Получая очередное донесение с мистическим налетом, Берия тут же вызывал Вахтанга и просил его разобраться с происшедшим. Подавляющую часть документации подобного сорта Вахтанг, порвав на мелкие кусочки, сжигал в большой хрустальной пепельнице, подарке самого Берии. «Сколько же у нас в стране больных головой людей» – с досадой думал Вахтанг, отправляя в пепельницу очередной шедевр мистического или фантастического толка.
Но сегодня Вахтанг решил заняться совершенно другими делами.
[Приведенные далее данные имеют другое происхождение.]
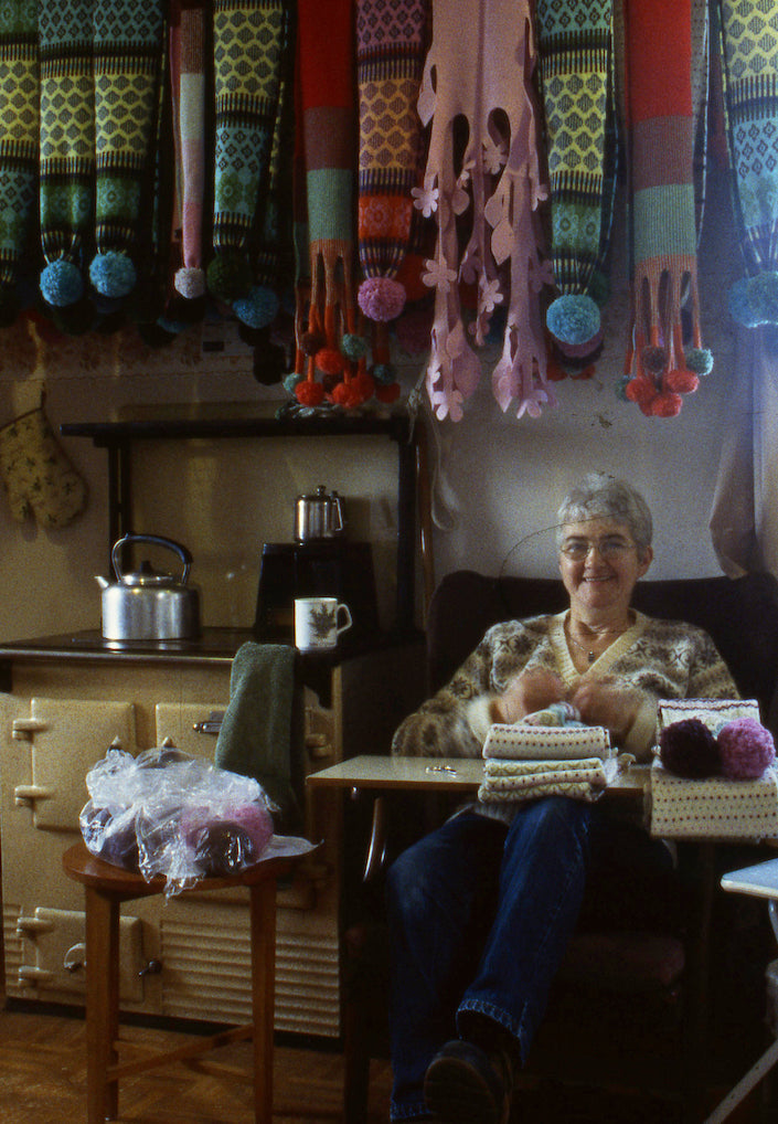 Dundee was once a thriving textile centre, famous for linen, sailcloth, and jute. Today, that tradition is finding fresh expression. At the Knit Shop, Donna has brought together a team of enthusiastic, highly skilled local makers to knit, sew, and link her products. The Knit Shop has become more than just a production space: it’s a micro-factory that combines design, craft, and education. It supports the next generation of makers and designers by offering services to other creatives, employing local talent, and fostering strong partnerships with Dundee’s art schools. Donna and her team also provide awards and support for graduates who are looking to establish themselves within the textile industry. As well as the Knit Shop, Donna partners with skilled craftspeople from across the UK, from Bethnal Green in London to our own island in Stromness. In fact, in the early 2000s, Donna even designed in Orkney alongside Ingrid at Tait & Style.

Он читал отчет руководителя института, занимающегося исследованиями в области физики и химии различных веществ. Дадуа так увлёкся, что не заметил, как зазвонил телефон. Он бросил взгляд на край стола, где в ряд выстроились три аппарата: городской, внутренний и прямой связи с товарищем Берия. Надрывался прямой, наркомовский. Дадуа схватил трубку:
– Слушаю, товарищ Берия!
– Вахтанг, дорогой ты мой, зайди, пожалуйста, ко мне в кабинет. Долго не задержу, дело очень важное, нужно посоветоваться.
– Слушаюсь, товарищ Берия, сейчас буду, – разговаривая по телефону, Вахтанг обращался к шефу сугубо официально. Дадуа открыл дверь своего кабинета, щелкнул ключом и шагнул в лабиринт лубянских коридоров. Через десять минут Вахтанг уже открывал дверь кабинета Берии.
– Здравствуй, друг! – Берия стоял, опершись о стол, прочно сидевшее на его носу пенсне поблёскивало в свете апрельского солнца, которое проникало во все окна просторного кабинета.
– Доброе утро, Лаврентий, – Дадуа пожал протянутую руку и без приглашения уселся на стул, прямо перед шефом.
Берия, оттолкнувшись от крышки стола, подошел к книжному шкафу, стоящему в глубине кабинета и снял с него хрустальную пепельницу, по форме напоминавшую корабль. Весь этот ритуал Вахтанг знал отлично. Сейчас Лаврентий поставит «кораблик» на стол, рядом с Дадуа, приглашая его, страстного курильщика, не стесняться и дымить прямо в наркомовском кабинете. Что, к слову сказать, было дозволено только Вахтангу и «хозяину», в те редкие визиты, когда «отец всех народов» посещал бериевский кабинет. Вскочившего секретаря в звании подполковника, находившегося в приемной на своем рабочем месте, и пытавшегося вытянуться по стойке смирно, Сталин всегда останавливал небрежным взмахом руки. Не лезь, дескать. «Хозяин» заходил в кабинет Лаврентия Павловича всегда молча, окидывая того насмешливым взглядом своих прищуренных глаз. После этого, выбрав себе стул, подальше от наркомовского кресла, стоящего во главе стола-аэродрома, вождь закуривал трубку. Дальше происходило следующее: если Иосиф Виссарионович замирал с трубкой в руке, Берия тут же подставлял под эту руку пепельницу, а вождь выбивал туда превращенный в пепел табак. Если же Сталин поднимался и, затягиваясь трубочным дымом, поворачивался к Лаврентию Павловичу спиной, пепельница оставалась стоять на месте. А Иосиф Виссарионович покидал кабинет Берии. За время этих молчаливых визитов Сталин не произносил ни слова. Лаврентий же, что-нибудь сказать просто не решался. На различных кремлевских мероприятиях и в рабочей обстановке соратники общались между собой по-деловому, даже можно сказать, дружески. Но причины молчаливых визитов вождя были непонятны Лаврентию Павловичу. Нельзя сказать, что Берия их панически боялся, но после них наступало уныние. Другое дело – приходы Дадуа. Они всегда доставляли Берии радость. Старый друг, как никто другой, мог одним своим видом успокоить его, снять мучительное нервное напряжение.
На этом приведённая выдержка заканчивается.